DOI: 10.1615/AtoZ.d.direct_contact_heat_transfer

Direct contact heat transfer is generally defined as heat transfer between two or more mass streams without the presence of an intervening wall. The mass streams can be cocurrent, countercurrent or even crossflow. The streams can be immiscible or miscible or partly so. Typical two-stream direct contactors include: liquid–liquid, liquid–vapor, liquid–solid, gas–solid, or even solid–solid. Common systems that have been studied extensively include: water–air, water–steam and water–organic liquid. Also, there have been extensive studies of fuel drops in an oxidizing gaseous environment. The possibilities are legion.

Direct contact heat transfer can take place across the interface between two continuous fluid streams, such as a gas flowing over a thin liquid film or between a disperse spray and a gaseous or vapor stream into which the spray is injected. The former might involve hot gas quenching or fuel vaporization and combustion, while the latter might involve the condensation of the vapor on droplets within the spray. Still another example is the cooling of fine drops of a liquid undergoing solidification, as in the manufacture of glass beads or metal shot.
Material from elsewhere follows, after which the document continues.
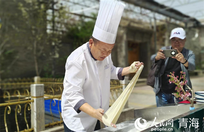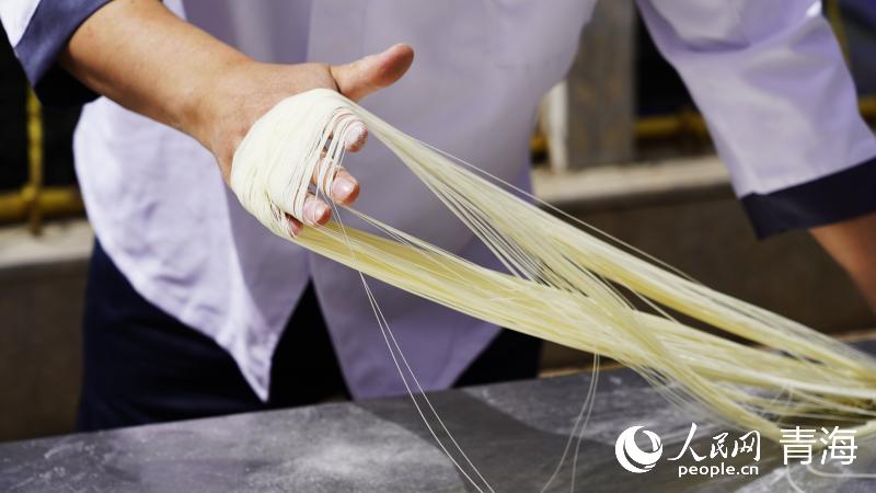 A cook shows off his skills in making lamian noodles thin enough to thread a needle. Lamian noodles are a specialty cuisine in Hualong Hui Autonomous County, Haidong city, northwest China's Qinghai Province. (People's Daily Online/Zhang Liping)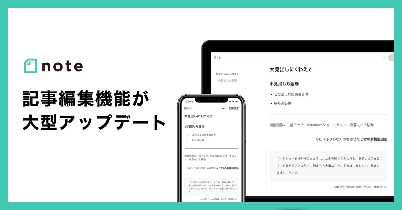 メディアプラットフォームnoteは、4月12日に記事編集機能を大型アップデートしたことをお知らせします。表現力や操作性が向上した、幅広い用途で使えるドキュメントツールです。

In many cases of direct-contact heat transfer, chemical reactions can be taking place between the mass streams, and one of the gas streams may totally be consumed by the other. There can, of course, be simple sensible heat transfer as in the case of two immiscible liquids.

When the mass streams include at least one fluid, that stream can be either laminar or turbulent; in many applications, turbulence needs to be avoided as it can lead to problems in either characterization of the mass streams or bulk fluid dynamical changes.

A further characteristic of direct contact processes is that the fluid streams must locally be at the same pressure. Many industrial direct contactors thus develop relative flows of the mass streams by imposing an external body force. The most common of these is the effect of gravity or centrifical forces on two fluids of different density, although electrical or magnetic fields can be imposed on some fluids to achieve the desired effect of relative fluid motion.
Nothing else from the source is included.